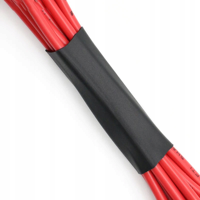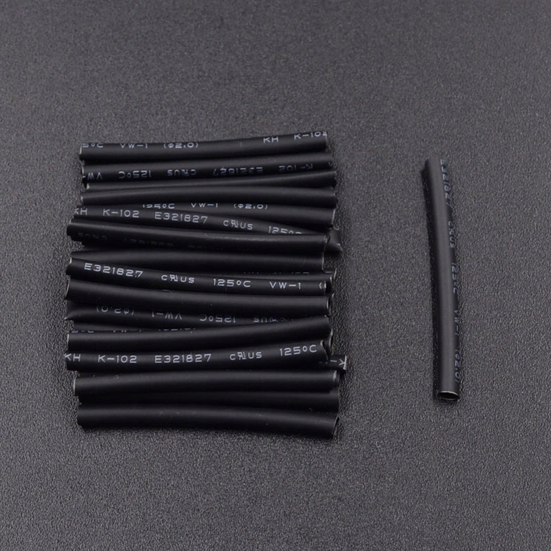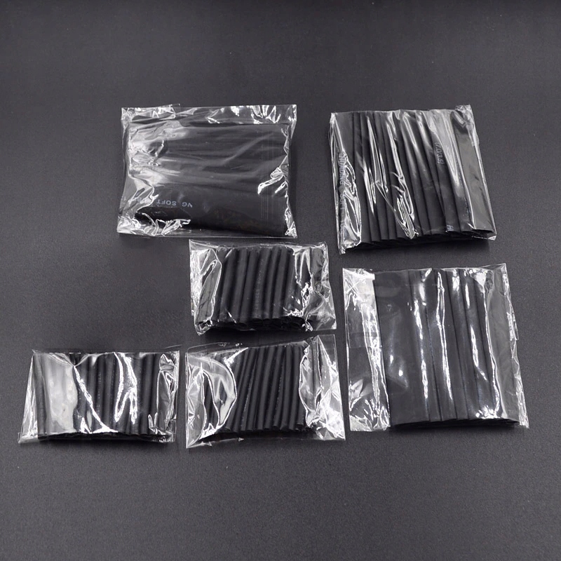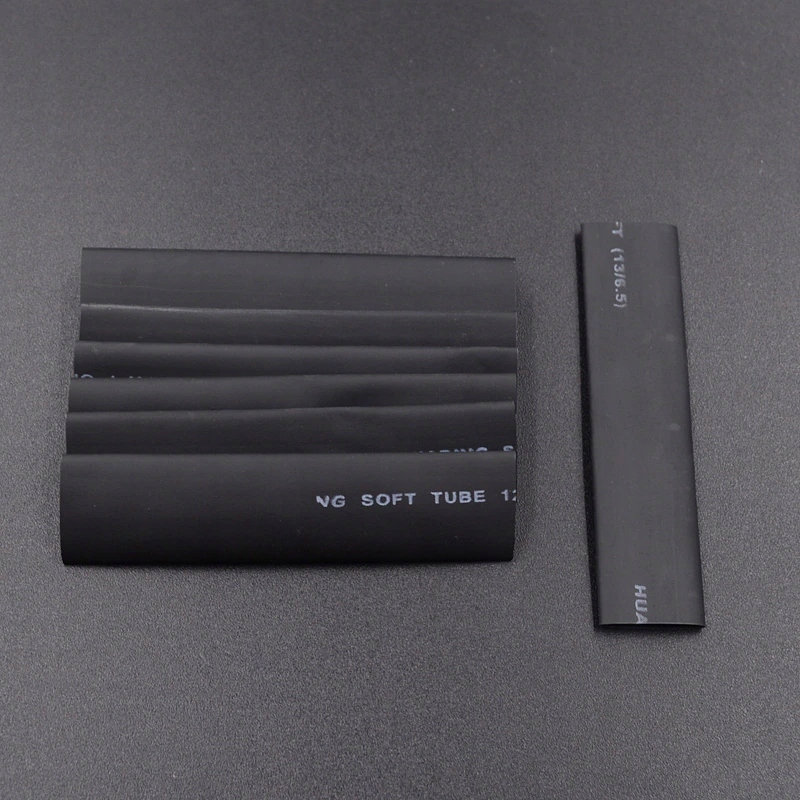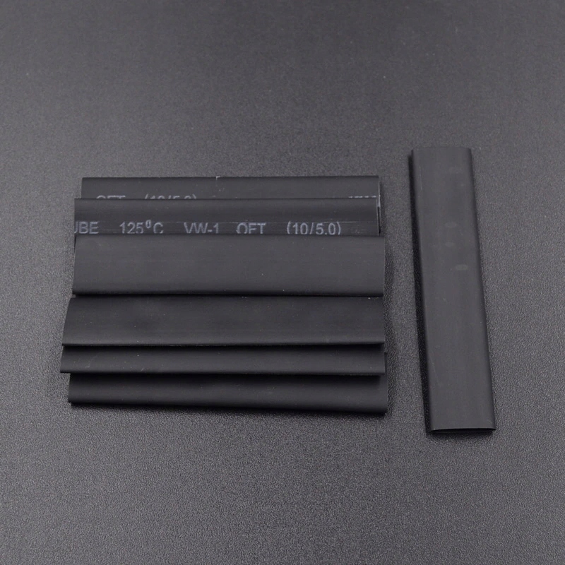 Набір чорних термозбіжних трубок довжиною від 40 мм до 85 мм і діаметром від 2 мм до 13 мм. Для ізоляції електричних кабелів найчастіше використовують трубки. Вони також використовуються при виготовленні джгутів.
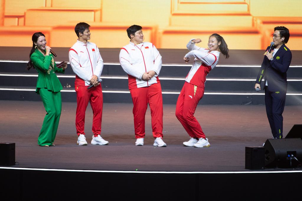 12月20日,内地奥运健儿代表团成员苏炳添(左二)、巩立姣(左三)、刘诗颖(右二)在活动中。新华社记者 张金加 摄
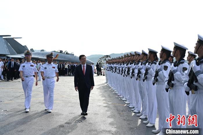 7月3日,香港特区行政长官李家超出席中国人民解放军海军山东舰航母甲板招待会。图为甲板招待会开始前,李家超(左三)检阅仪仗队。(香港特区政府新闻处供图)
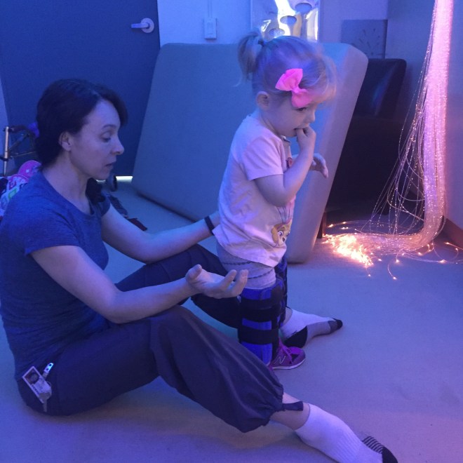 Madi then headed to Variety Village for Physio with Stephanie. She had a rough start as she was super tired but turned it around and worked so hard! She did lots of walking in her Gaitors and near the end she took her first independent steps since surgery! 3 steps!
#####
TASK TO COMPLETE – Word for word, return the material above, but drop the pictures.

SOLUTION TO THIS TASK –
 Набір чорних термозбіжних трубок довжиною від 40 мм до 85 мм і діаметром від 2 мм до 13 мм. Для ізоляції електричних кабелів найчастіше використовують трубки. Вони також використовуються при виготовленні джгутів.
 12月20日,内地奥运健儿代表团成员苏炳添(左二)、巩立姣(左三)、刘诗颖(右二)在活动中。新华社记者 张金加 摄
 7月3日,香港特区行政长官李家超出席中国人民解放军海军山东舰航母甲板招待会。图为甲板招待会开始前,李家超(左三)检阅仪仗队。(香港特区政府新闻处供图)
 Madi then headed to Variety Village for Physio with Stephanie. She had a rough start as she was super tired but turned it around and worked so hard! She did lots of walking in her Gaitors and near the end she took her first independent steps since surgery! 3 steps!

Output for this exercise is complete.